In an official video of the May 30 event posted on the U.N.'s website, Bayefsky's identity, credentials, and longstanding status as a leading expert on anti-Semitism were initially erased, leaving a confusing gap that she claims diminished the speech's impact.
Bayefsky, a vocal critic of the U.N.'s anti-Israel bias, alleged in a subsequent video highlighting the U.N.'s deletion that the international body was engaged in an attempt to revise history and weaken a speech that called out in stark terms the entire U.N. for its promotion of anti-Israel and anti-Semitic policies.
U.N. officials who spoke to the Free Beacon admitted the original video deleted all mention of Bayefsky's credentials, but explained this was due to a technical issue that was rectified soon after the Free Beacon began its initial inquiries in the matter.
"This meeting is now available on UN Web TV website in its entirety," a U.N. official said. "Please note that as a matter of policy we don't edit out any portion of recorded videos of meetings."

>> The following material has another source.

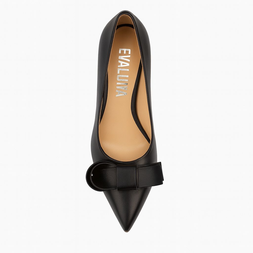 Refined elegance meets modern femininity in these exquisite Evaluna pumps. Handcrafted in Italy from premium black leather, these heels feature a pointed toe design adorned with a sculptural bow detail that adds a touch of sophistication. The soft leather interior ensures all-day comfort, while the gracefully shaped heel offers stability and poise.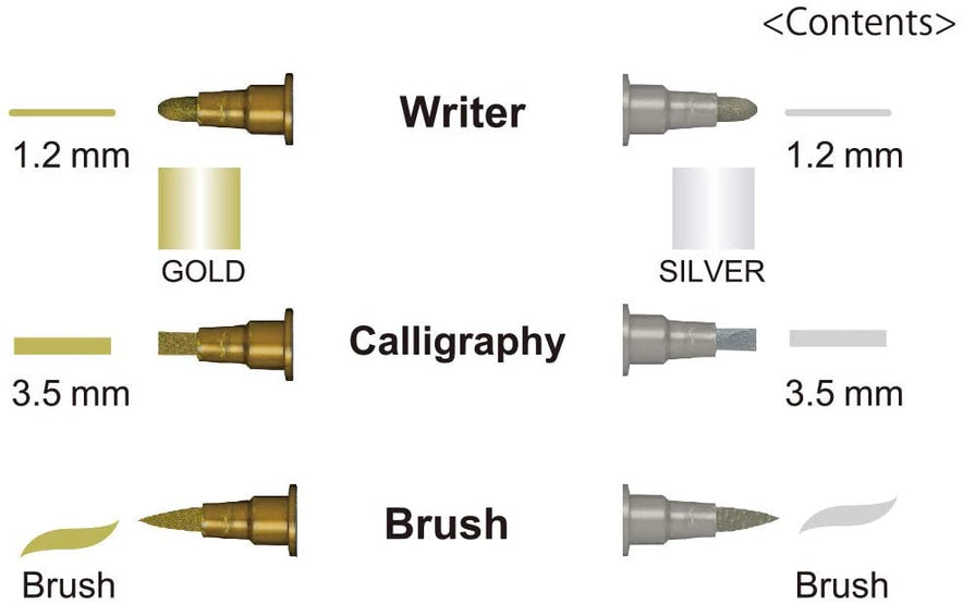 Twin tip marker with gold color on one end and silver color on the other.This assortment set included 3 kinds of gold & silver twin tip markers.

The particular video in question—part of "Evolving Hatred—Antisemitism and Boycott, Divestment and Sanctions," an event organized by Israel's permanent mission to the U.N.—experienced technical glitches during its recording in the U.N.'s video system, the official explained.
"We managed to fix that technical problem on Friday night," the official said, explaining the initial delay in posting video of the event. "On Monday morning, my colleagues published the video on UN Web TV website."
After the initial posting, the Israeli Mission notified the U.N. that "about two minutes of the recorded video was missing," the portion featuring Bayefsky's introduction and explanation of her credentials.
The video was fixed and posted in full to the U.N.'s site late Tuesday, hours after the Free Beacon inquired into the matter.
The missing portion has now been reinserted into the video.
It now includes the full introduction of Bayefsky: "I would now like to welcome Ms. Anne Bayefsky, a champion for human rights and for the State of Israel. Ms. Bayefsky is the director of the Institute on Human Rights and the Holocaust at Touro College and she is the president of the organization Human Rights Voices. She is a scholar and an expert in international human rights law, equality rights, and constitutional human rights law. Please join me in welcoming Ms. Anne Bayefsky."
Bayefsky told the Free Beacon that the U.N. has engaged in "historical revisionism" in the past, but that she had not anticipated the original video being edited in such a fashion.
"The U.N. has long specialized in historical revisionism, but changing history within a week is a new twist," she said. "Of course they're afraid of the facts on U.N.-driven anti-Semitism. But the solution isn't editorial creativity."